In questa prima selezione di opere del possibile percorso del futuro museo, vi sono molte espressioni della cultura figurativa italiana e dei suoi più importanti interpreti: Capogrossi, Carena, Casorati, De Chirico, De Pisis, Peyron, Rosai, Severini; inoltre si presenteranno i collegamenti con i migliori esponenti della letteratura e della musica dell’epoca attraverso riviste, poeti, romanzieri, scenografi e soprattutto, un’eccellente collezione di opere d’arte appartenenti al Gruppo novecentesco toscano di Baccio Maria Bacci, Giovanni Colacicchi e gli altri sodali, intorno al clima della rivista Solaria in quel ritrovo dell’intellighenzia fiorentina che fu il caffè delle Giubbe Rosse. Negli anni Venti dunque Firenze era un fertile centro culturale, meta dei migliori artisti ed intellettuali. 

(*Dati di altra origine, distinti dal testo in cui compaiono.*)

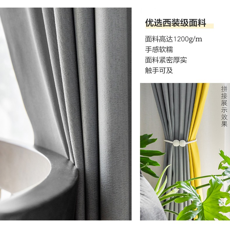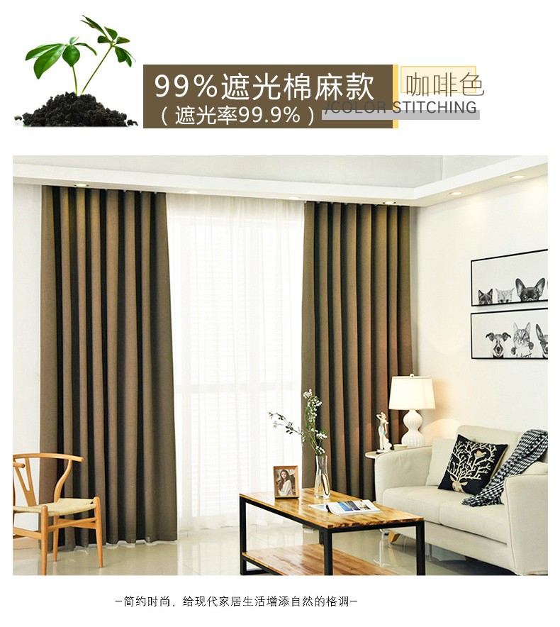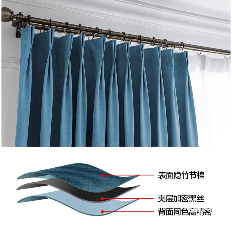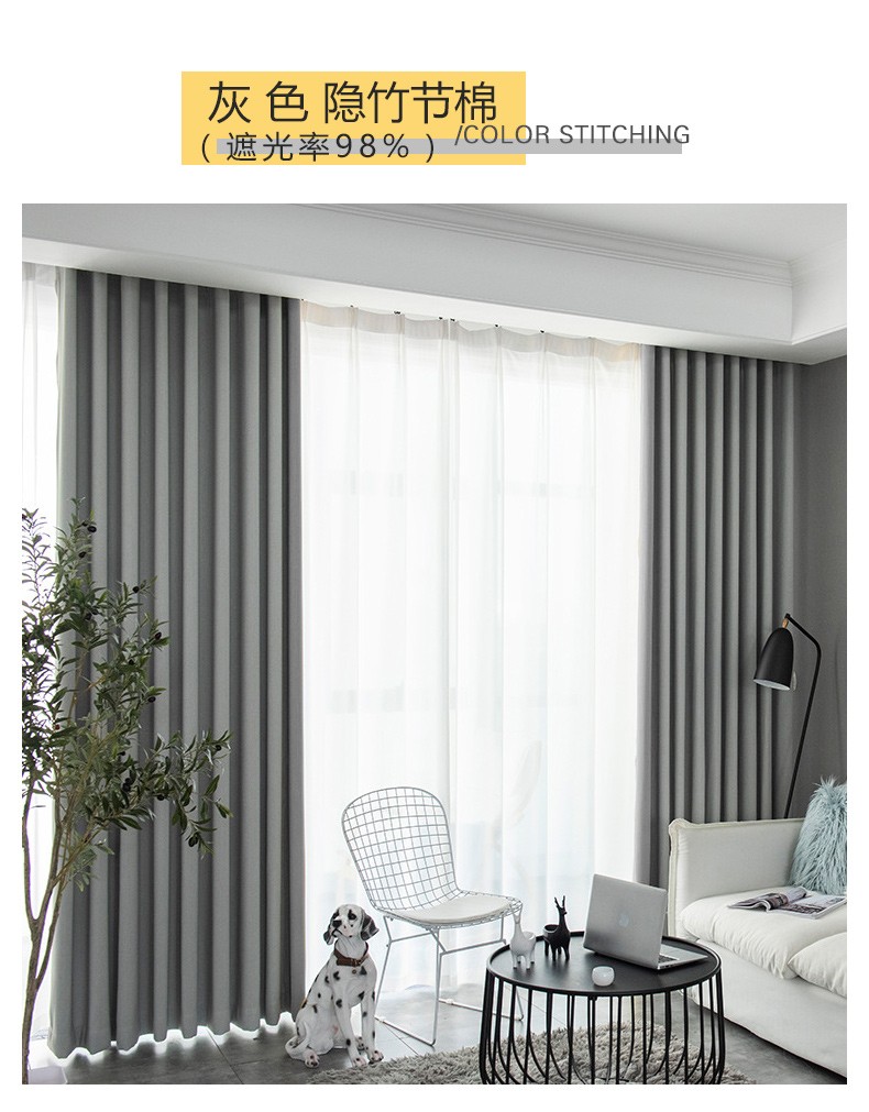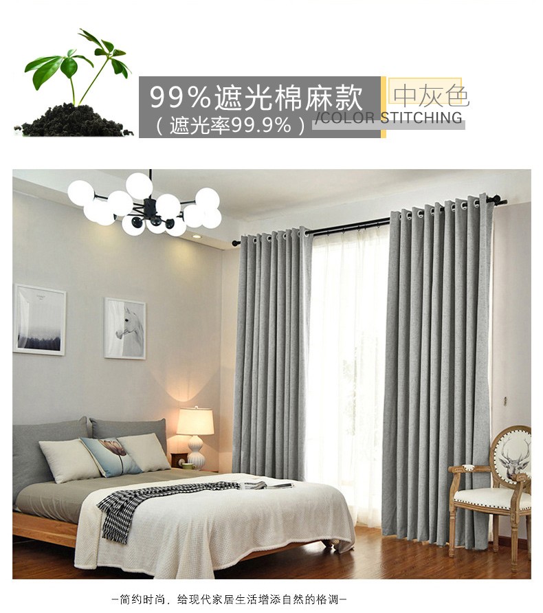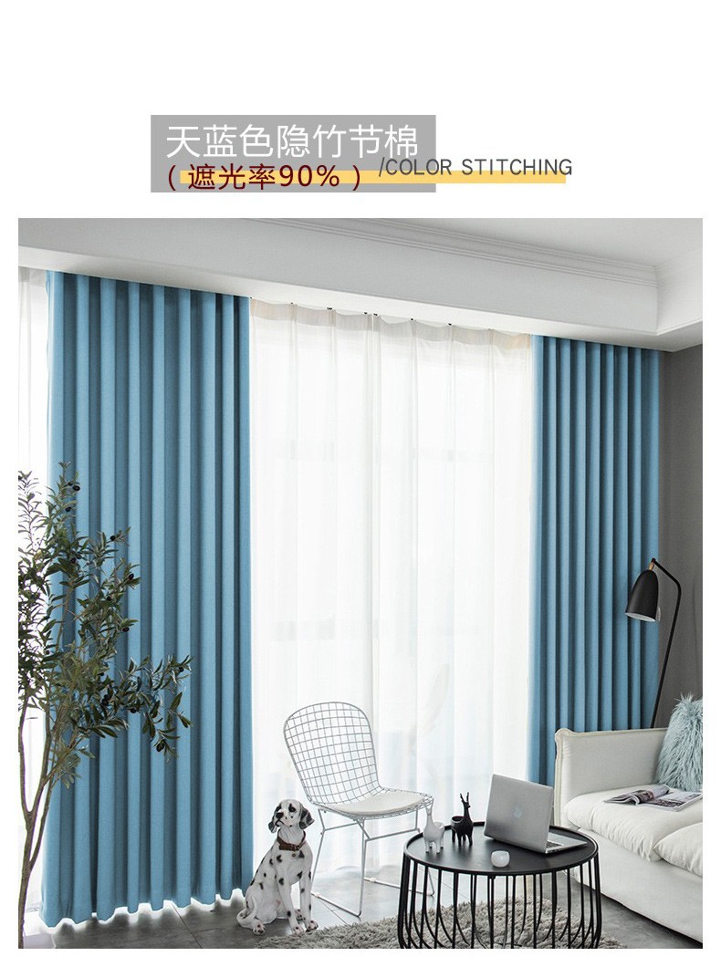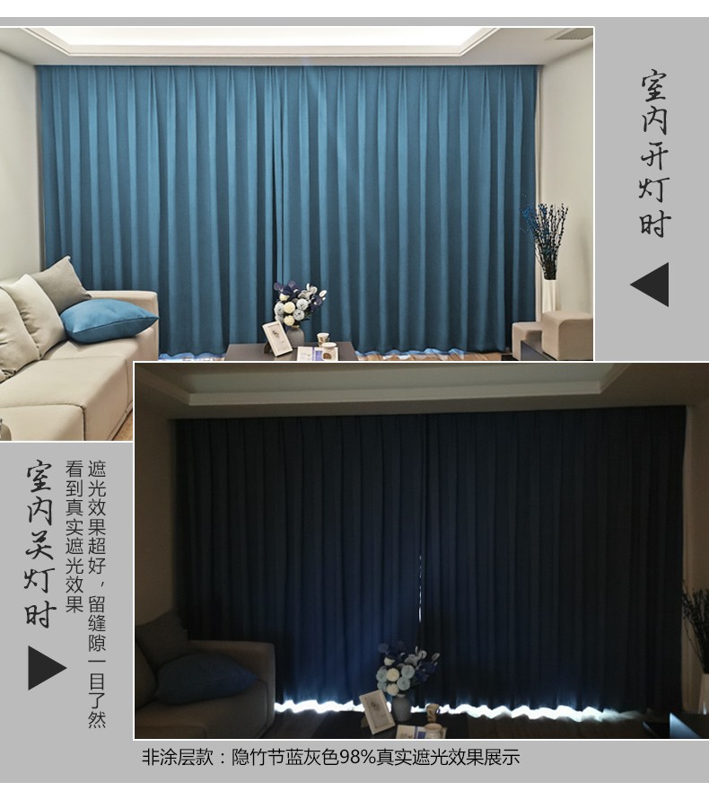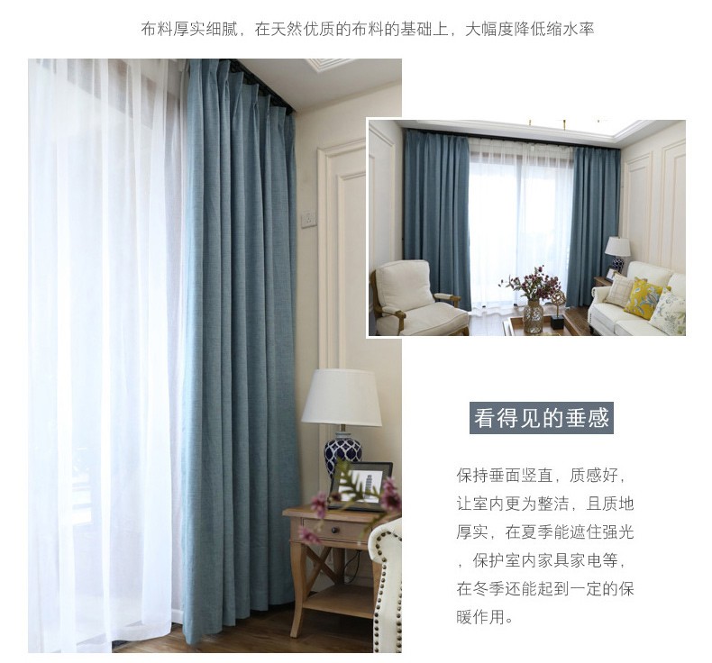 商品名称:灵水绣简约北欧风隐竹节棉麻质感全遮光遮阳窗帘布 现代客厅卧室飘窗阳台 隔音隔热加厚高遮光窗帘成品定制 98%遮光率-蓝灰色窗帘(加厚隐竹节款) 定制挂钩式1米(联系卖家)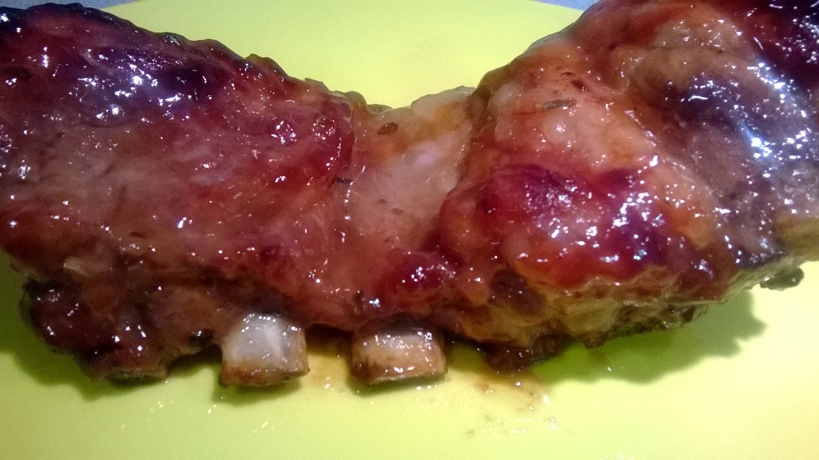 Encendemos el horno a 200° y lo ponemos 10 minutos para que se vaya calentando. Cuando pase los 10 minutos metemos el costillar y le dejamos 30 minutos mas. Pasado los 30 minutos sacamos el costillar y volvemos a dar con el pincel a todo el costillar y volvemos a meter en el horno 20 minutos.

Nella Sala da Ballo e Sala della Musica del Quartiere d’Inverno verrà mostrato qualche capitolo del patrimonio novecentesco della galleria le cui raccolte comprendono capolavori di Carlo Carrà, Baccio Maria Bacci, Alberto Savinio, Marino Marini, Libero Andreotti, Antonio Maraini, e molti altri protagonisti della cultura figurativa italiana.